The running was easier now that the ground was solid basalt and I didn't have to climb anymore. I decided to run around the north peak and then head south to hide in the shrubs around the southern hill.

I looked back. She wasn't in sight. Relieved, I continued. Searching the valley of the cave would keep her busy, giving me time and a headstart.

"Megan, wait!"

The voice was faint, but it caught me like a snare. It came from above. I looked up, and there she stood, close to the top of the hill, hands resting against her hips, looking down at me. She was no more than a hundred yards or so away.

She strode down the slope towards me, sure-footed and quick.

My feet were glued to the ground as if they had driven roots into the rock.

"Why are you running?" she said. "Has everyone on this island lost their mind?" She stopped a few steps away, eying me, lips parted.

I was exhausted, and she looked as fresh as dew. Trying to outrun her made no sense.

I shrugged. "They've killed everybody," I said, my gaze darting between her and the ground. I needed a weapon.

"Yes, I've seen. That's why I ran. I hate the military. Where's Farid?"

"He's... dead."

She bit her lip. "What happened?"

"We hid in that valley up there." I waved a hand towards the hill. "They found us. When they saw him, they shot him."

She looked back uphill, winding a strand of her hair around her fingers and tugging at it.

She said something in Spanish, starting with 'me cago'. The rest was lost on me, but it was fraught with anger or hatred. When she looked back at me, her lips were pressed into a thin line. "And you?" She jutted her chin at me. "How did you survive if they got him? They had dogs, didn't they? I heard their bark."

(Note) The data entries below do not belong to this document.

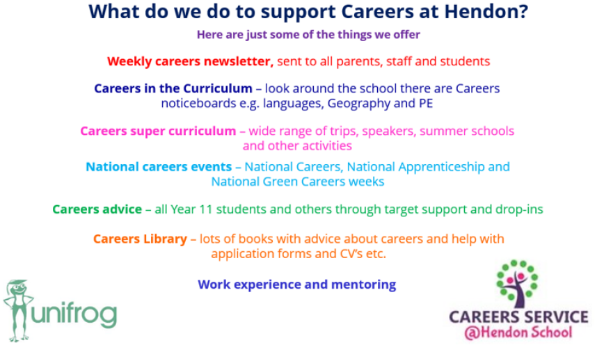 All students have access to a planned careers curriculum throughout their time at Hendon. The programme focuses on developing the skills and knowledge required for each individual student regardless of their aspirations.
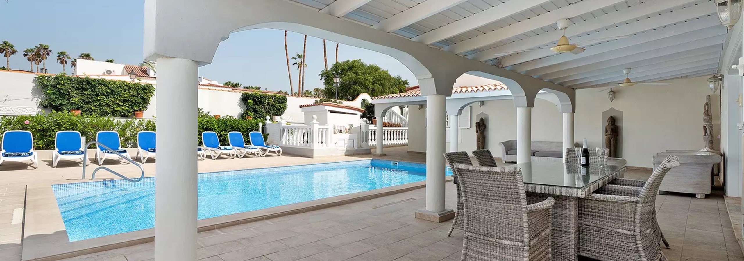 Had a great family holiday here in July/August 2025. Amazing villa it is huge , the kitchen is unbelievable and more than equipped for everyone. Bedrooms all ensuite except 2 with great bathrooms. Fantastic main pool great size and excellent for everyone to relax or just play in. Didn't use the smaller one as no need. Played some table tennis had a BBQ brilliant 2 weeks. San Blas is only a short walk with bars and restaurants and a supermarket. Highly recommend Amarilla Golf if you fancy 18 holes ⛳️ What can be improved….. A lot of space not being used around the pool where a pool table could be put to add that extra little bit of fun. Internet was iffy but apparently just needed a reboot. All in all would highly recommend this villa for a family holiday. David was always on hand if needed just a message away.
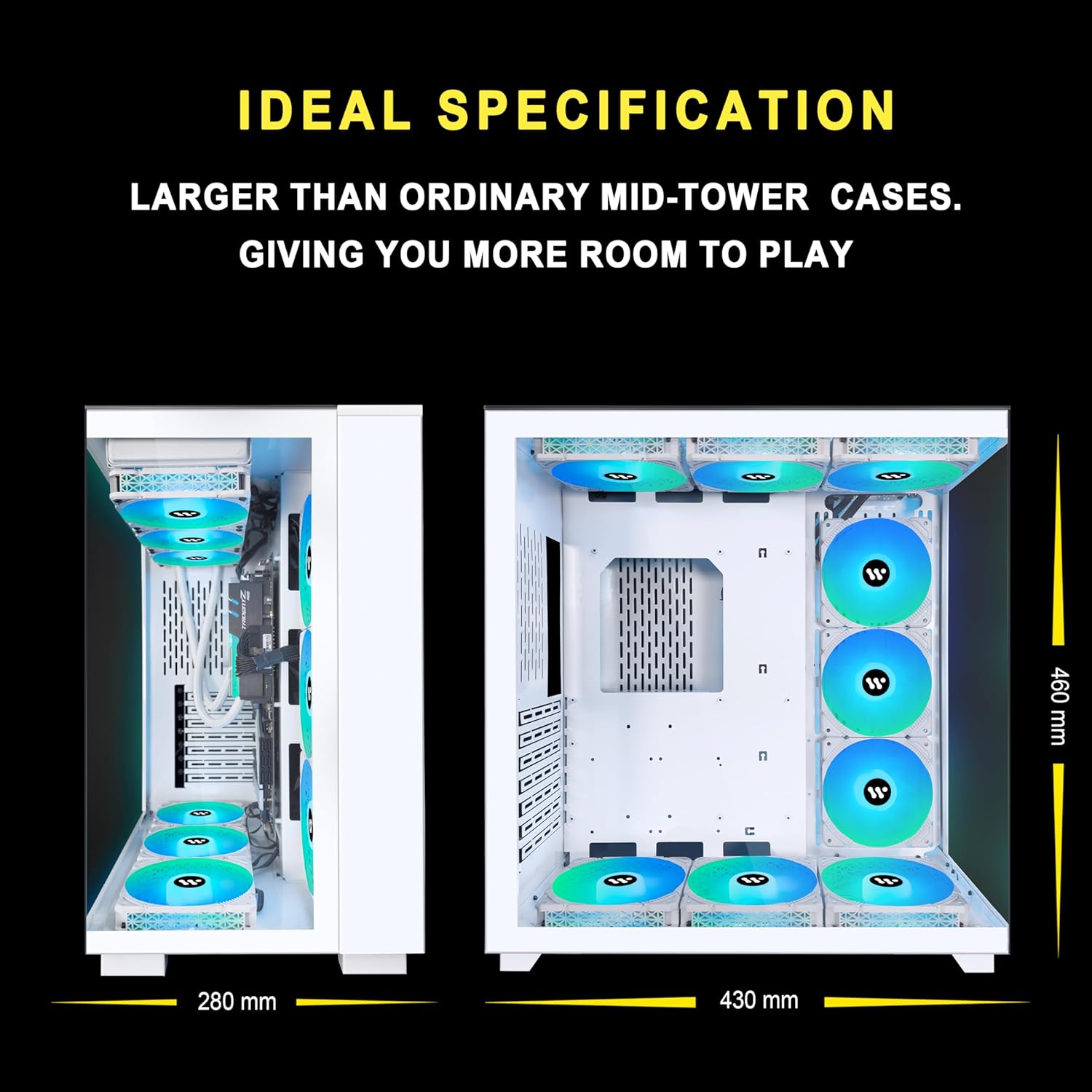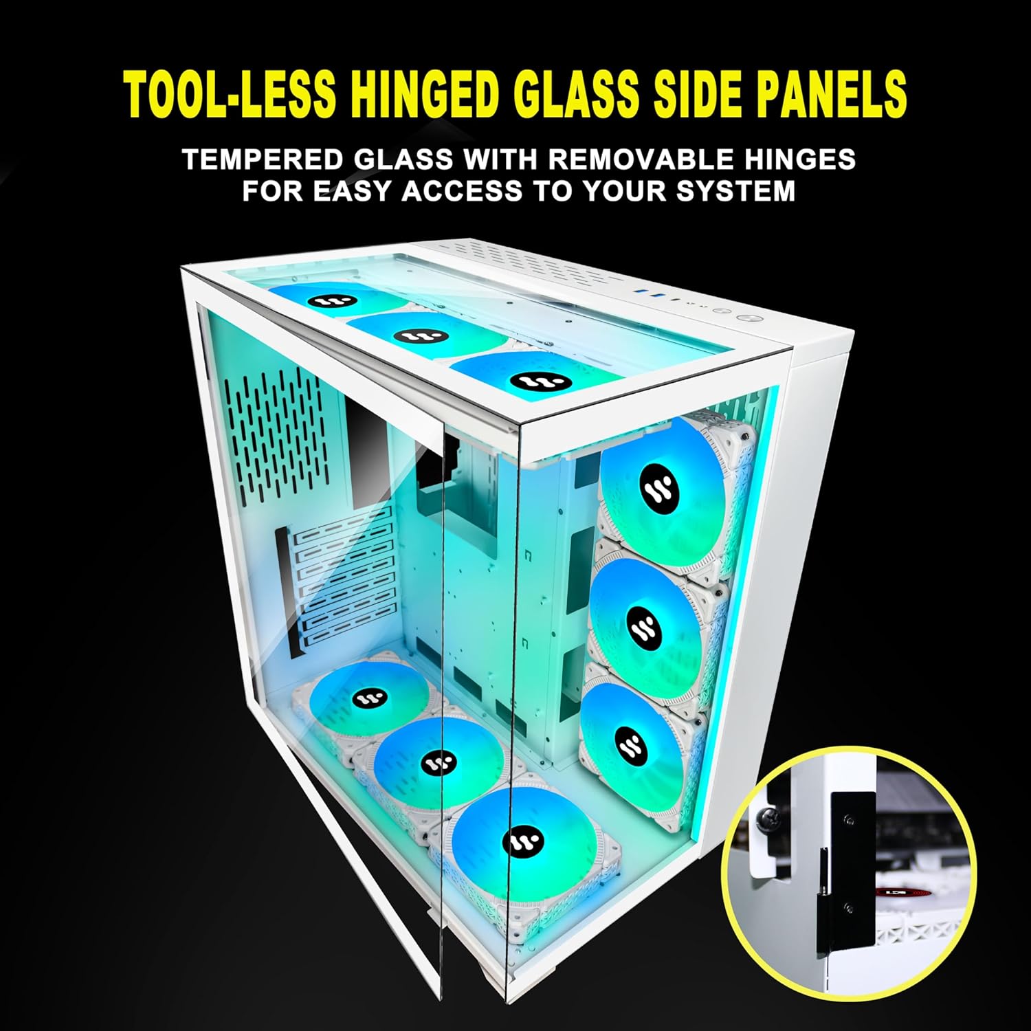 Kediers 9 ARGB Fans Computer ATX, Mid Tower Gaming Case - Tempered Glass Side Panel Door

"There's a little cave in that valley where we were hiding. When they arrived, he left me there and drew them away. They didn't find me."

She raised her eyebrows. "Oh, he sacrificed himself? He took the bullet... for you?"

I lacked the words for an answer and stared at her feet. The skin between her shoes and the sullied, torn cuffs of her pants was smooth and perfect. The same skin that had been badly burned only a couple of days ago.

"He is..." She hesitated. "He was always like that. Too good and too soft. He never acknowledged the man he was. He was worth so much more than most of those he cared for."

I nodded and looked up at her face, yet her gaze wasn't on me—it was directed at the sea.

"He wasted what God had given him," she said. "He could have achieved anything if he just had had the courage and strength to use it."

Her words were so dismissive, so condescending. He didn't deserve this.

"He had more courage and strength than most," I said, and my anger wove a quiver into my voice. "Restraint is so much harder than giving in to petty whims and sordid desires."

She turned her gaze on me, her eyes a blue hotter than the orange fire that had devoured our companions. For a moment, we just stared at each other, sharing the poisonous knowledge.

Sharing the knowledge that I knew what she was, and that she knew that I knew.